Except that the timescales are all wrong.

“However, based on Antarctic ice core data, changes in CO2 follow changes in temperatures by about 600 to 1000 years”

From what I understand that’s essentially the uncertainty or resolution in the data. In any case, there should be no discernible lead or lag in either situation.

> The temperature response appears to be linear to an exponential increase in CO2 levels. Therefore there is no evidence of any positive climate feedback to CO2. Instead it is far more likely to be a negative feedback.

I’m pretty sure you’re using a different definition of “feedback” from what climate scientists are talking about.

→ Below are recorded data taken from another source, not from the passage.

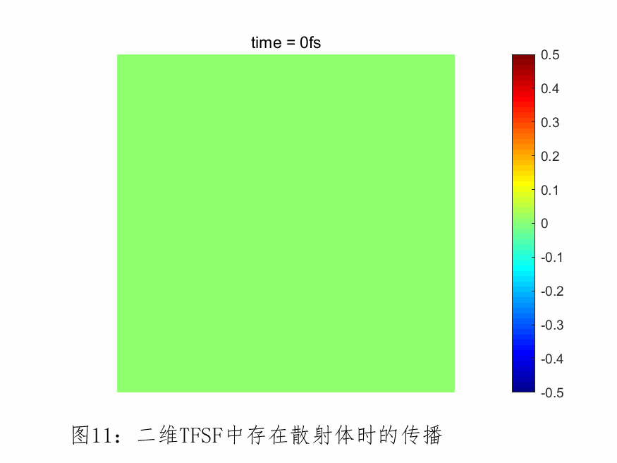 下图为tfsf光源正入射一个散射体小球,场在fdtd空间的传播情况。
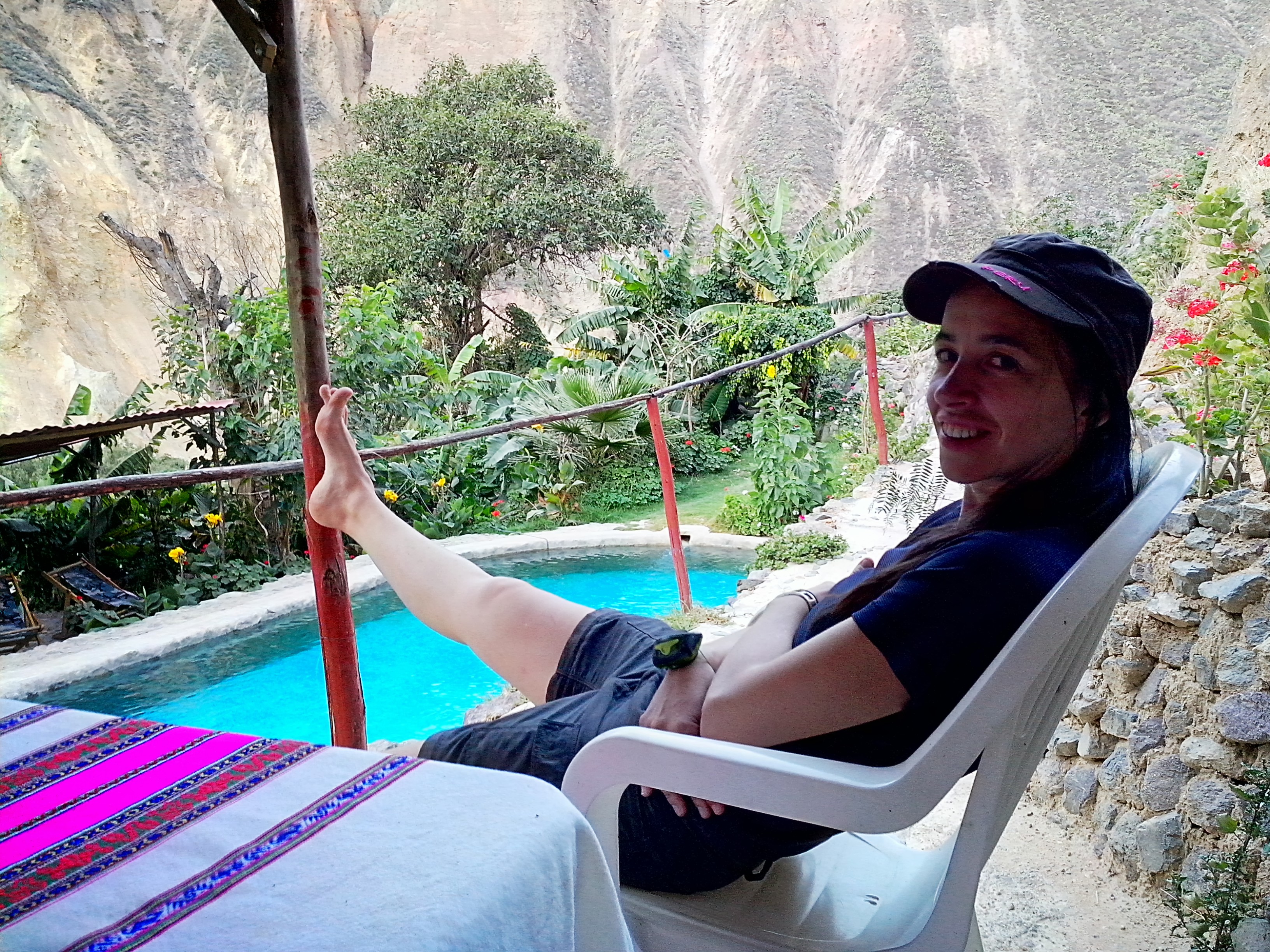 There Nuria had a bath on a swimming pool of our Oasis Paradise Lodge, of course just running water from the river, great location and a swimmingpool.
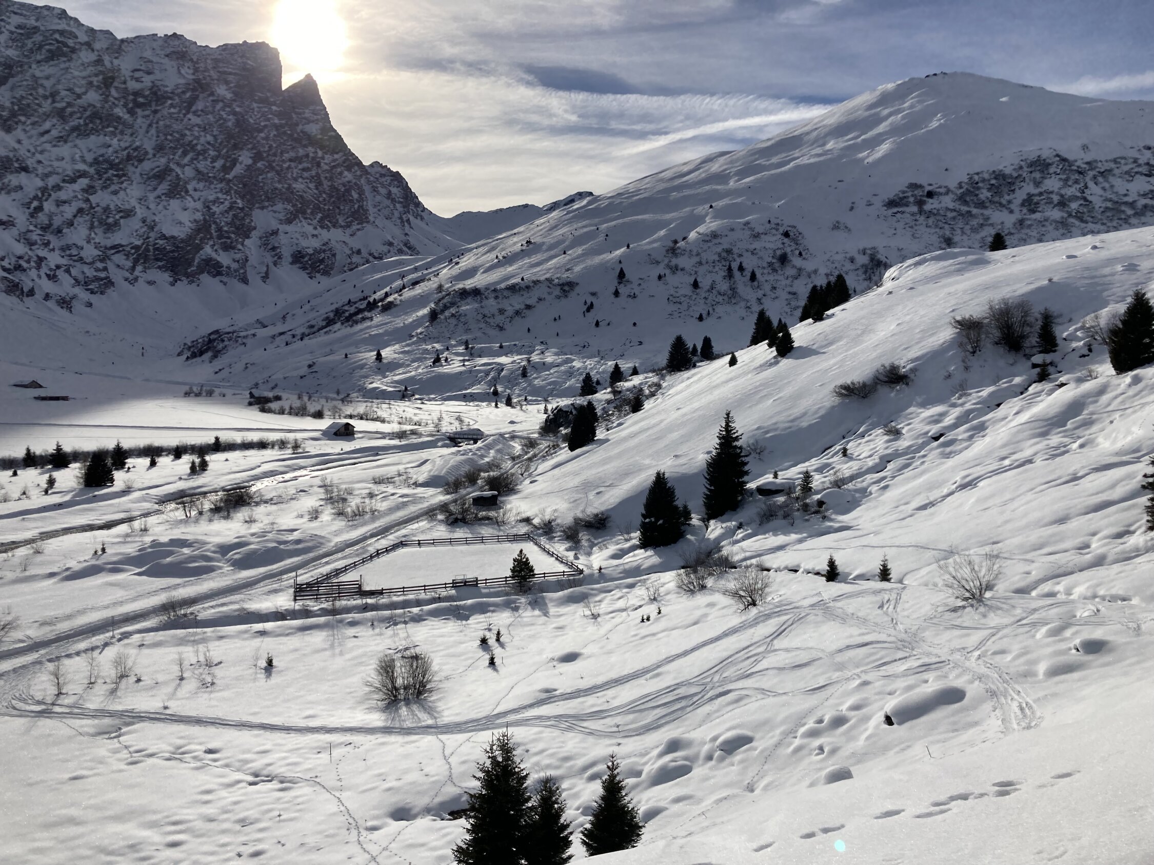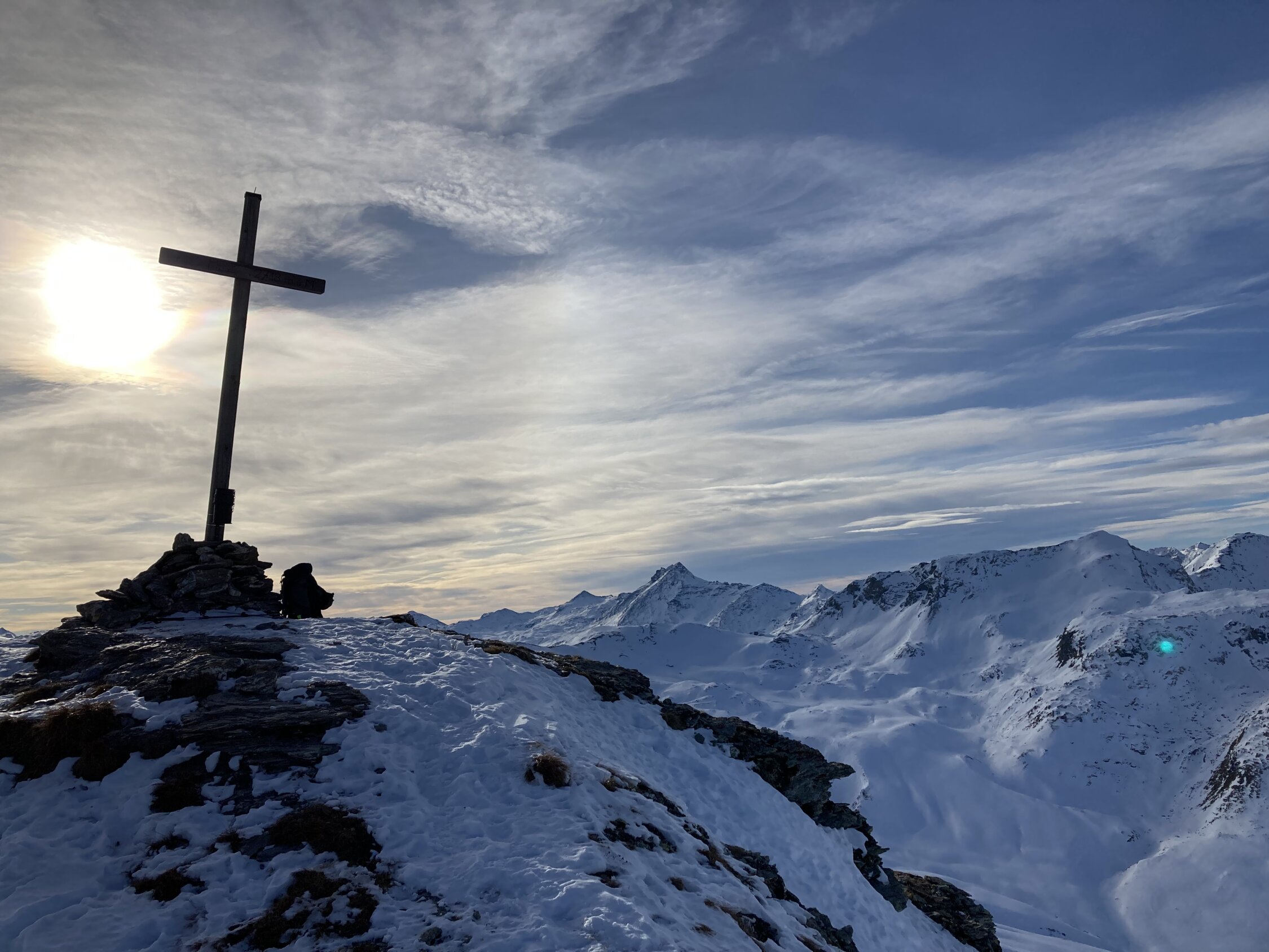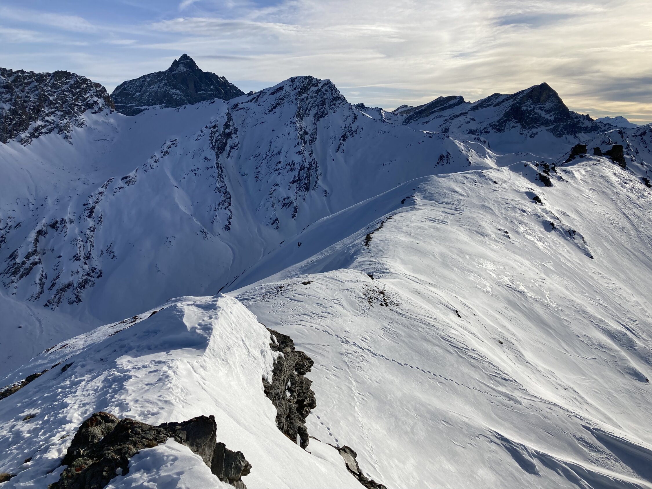 Tour ist gut eingespurt. Schneeverhältnisse für die Abfahrt durchwachsen. Windexponierte Bereiche abgeblasener Hartschnee, in den Mulden zum Teil noch Pulverschnee.
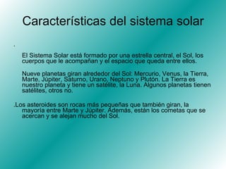 El documento resume las características del Sistema Solar, incluyendo que está formado por el Sol y nueve planetas que giran a su alrededor, con la Tierra teniendo un satélite llamado la Luna. También describe los asteroides y cometas que orbitan en el Sistema Solar, así como el tamaño y composición del Universo y que contiene galaxias, cúmulos de galaxias y estructuras mayores. Finalmente, explica que las estrellas son masas de gases luminosos a altas temperaturas que emiten luz a través
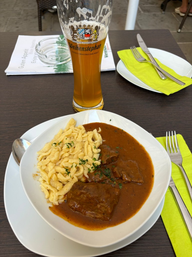 At an outdoor cafe, I enjoyed some delicious Austrian goulash and a beer.
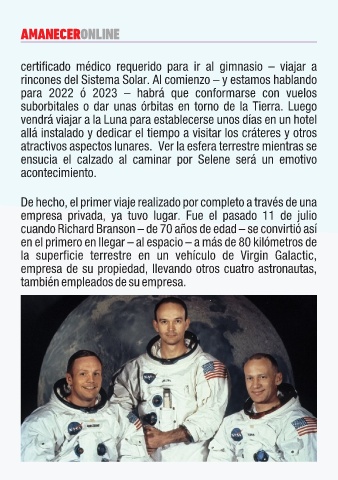 suborbitales o dar unas órbitas en torno de la Tierra. Luego
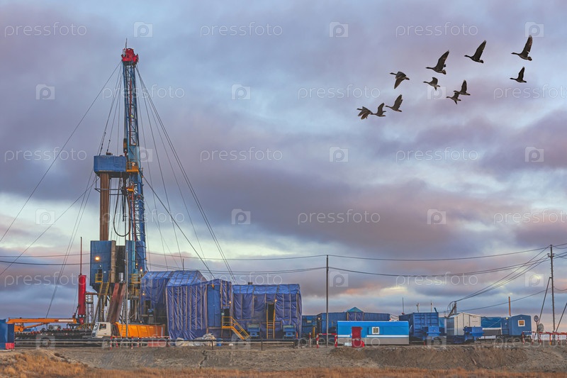 Инфраструктура для бурения нефтяных и газовых скважин на Крайнем Севере в Арктической зоне России. Осень. На переднем плане растительность полярной тундры. Красивое небо. Коллаж из стаи гусей
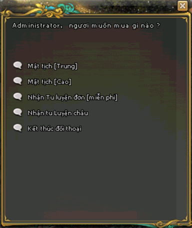 - Ngoài ra còn có cửa hàng Mật tịch Trung, Cao, Già Lam Kinh 180. Trận pháp Trung, Cao, và trận pháp VIP.
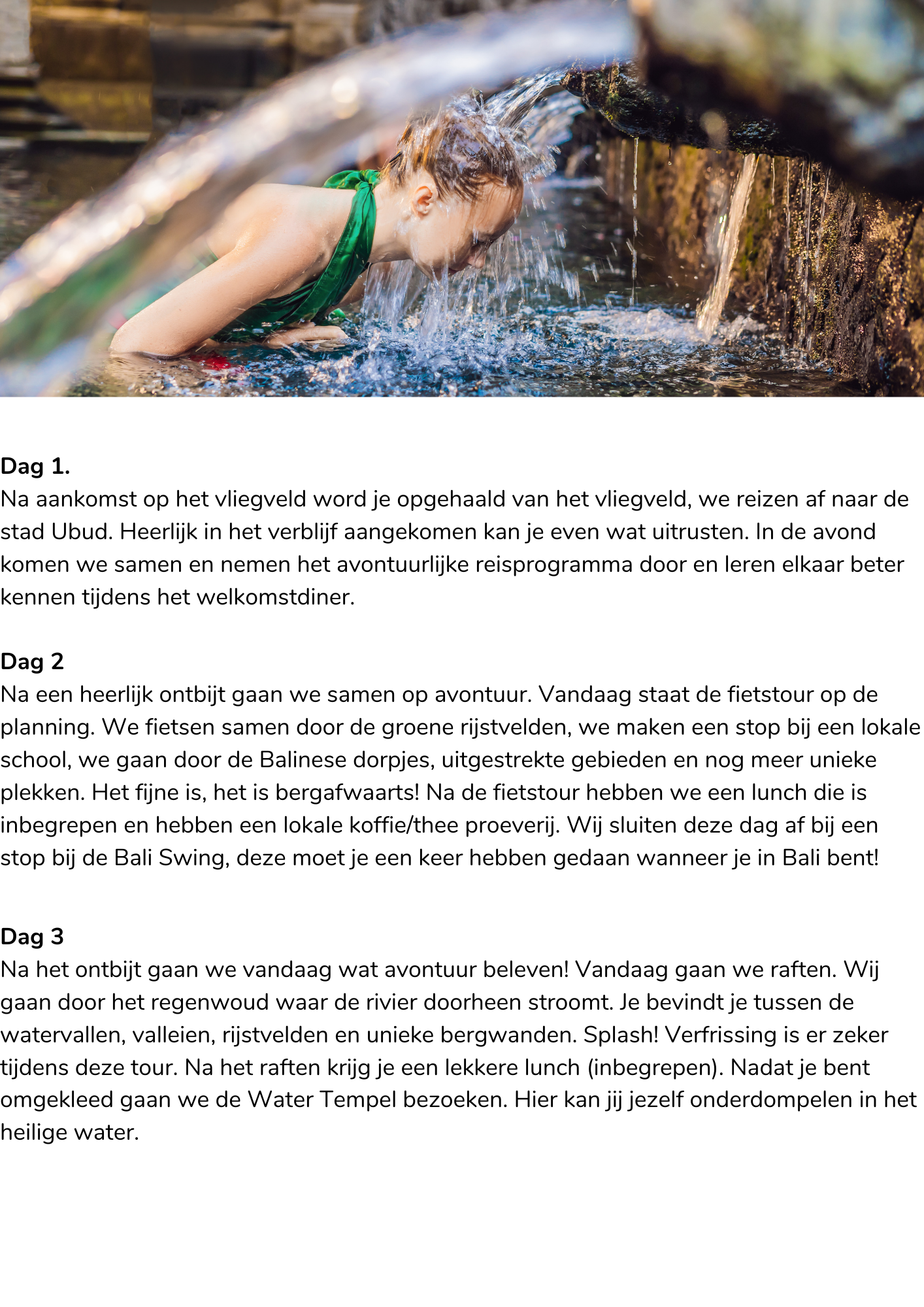 Na het ontbijt gaan we vandaag wat avontuur beleven! Vandaag gaan we raften. Wij gaan door het regenwoud waar de rivier doorheen stroomt. Je bevindt je tussen de watervallen, valleien, rijstvelden en unieke bergwanden. Splash! Verfrissing is er zeker tijdens deze tour. Na het raften krijg je een lekkere lunch (inbegrepen). Nadat je bent omgekleed gaan we de Water Tempel bezoeken. Hier kan jij jezelf onderdompelen in het heilige water.

If we are using standard engineering terms, and we’re simply talking about the response of surface temperature to forcing, we know via the Stefan-Boltzmann equation that there is [i]overall[/i] a net negative feedback. Meaning: if we increase the amount of thermal energy a planet’s surface is receiving, then the temperature will increase, and the outgoing radiation will increase. Iterate the math a few times, and the system will stabilize at some new temperature. Because the system stabilizes, that’s a negative feedback – the outgoing radiation serves to counteract the increase in temperature, and a ramp-up of temperature leads to an even greater ramp-up of rate of heat loss (and similarly for a decrease in temperature leading to an even greater decrease in rate of heat loss).

A positive feedback would lead to the opposite result: an increase in temperature would then lead to a *decrease* in the rate of heat loss, which would then lead to a greater temperature increase, and then heat would be retained even more easily, and so on, until temperature goes to infinity. (Or, similarly, if temperature decreases, until it drops below 0K). That’s clearly not what happens. Physics doesn’t allow temperature to go to +/- infinity. And so it’s already widely known that there is, overall, a net negative feedback in climate systems; any increase or decrease in temperature will be restrained, not amplifying itself to infinity. The actual physical law governing this is the Stefan-Boltzmann law. And this law is what produces the logarithmic relationship between a climate forcing and the temperature response.

When climate scientists are talking about “positive feedback” or “negative feedback”, they’re talking about something else; they’re talking about the feedback if we *ignore* the Stefan-Boltzmann feedback. They’re talking about [i]the rest[/i] of the potential feedbacks in the system: whether these amplify the initial forcing or not.

An example would be water vapor: water vapor is a potent greenhouse gas, and colder air holds more water vapor, so if something else pushes the climate to cool, then there’s less water vapor in the air, which means less heat retained still, and temperatures drop further. Which means: the final temperature response to the initial forcing will be greater than you’d expect if you weren’t considering water vapor. This is just an example; there are both positive and negative feedbacks.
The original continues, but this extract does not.